The following Items are amended and restated in their entirety:
Item 1. Security and Issuer
ImmunoPrecise Antibodies Ltd.
Common Stock (the "Shares")
3204 4464 Markham Street
Victoria, BC V8Z 7X8
Item 2. Identity and Background
(a)Ingalls & Snyder, LLC
The Reporting Person is a limited liability company organized under the
laws of the State of New York.
(b)Business address and principal office for the Reporting Person:
(c)Present principal occupation or employment and the name, principal
business and address where employment occurs.
(d) During the last five years,the Reporting Person has not
been convicted in a criminal proceeding (excluding traffic
violations or similar misdemeanors).
(e) During the last five years the Reporting Person was not a party
to a civil proceeding of a judicial or administrative body of competent
jurisdiction, and is not subject to a judgment, decree or final order
enjoining future violations of,or prohibiting or mandating activities
subject to, federalor state securities laws or finding any violation
with respect to such laws.
(f)Citizenship:
Item 3. Source and Amount of Funds or Other Consideration.

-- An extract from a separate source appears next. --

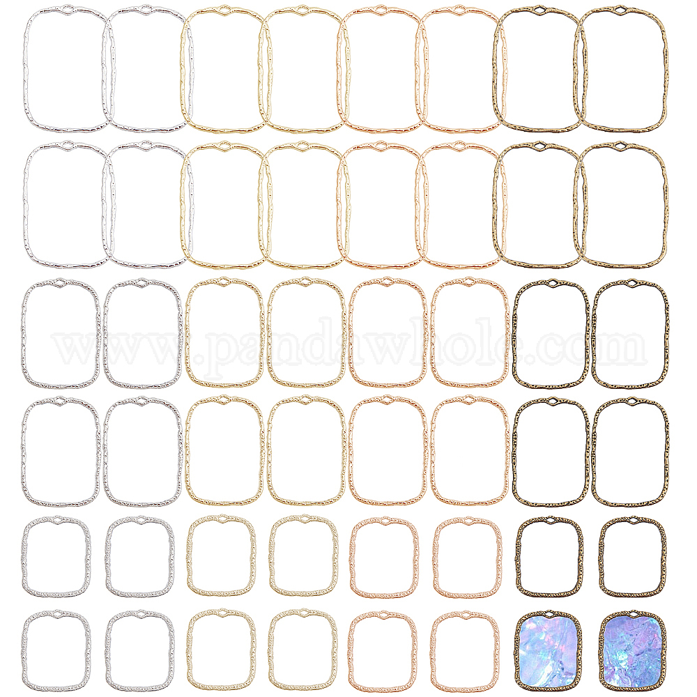 48шт 12 стили подвески из сплава с открытой спиной, для diy уф смолы, эпоксидная смола, Прессованные цветочные украшения, прямоугольные

Personal funds of Reporting Persons' advisory clients.
Item 4. Purpose of Transaction
The Reporting Person along with other shareholders are collectively
proposing a change to the members of the issuers board of directors.
The views of the informal group will be expressed through written and
oral communications, and may result in a call for a shareholder
meeting on the issue.
While the Reporting Person is along under the filing threshold
requirement, it is electing to file this Schedule D as it is a
part of a group of shareholders who share a common goal of
effecting a change to the board members. There are no formal written
agreements with other shareholders to act as a group.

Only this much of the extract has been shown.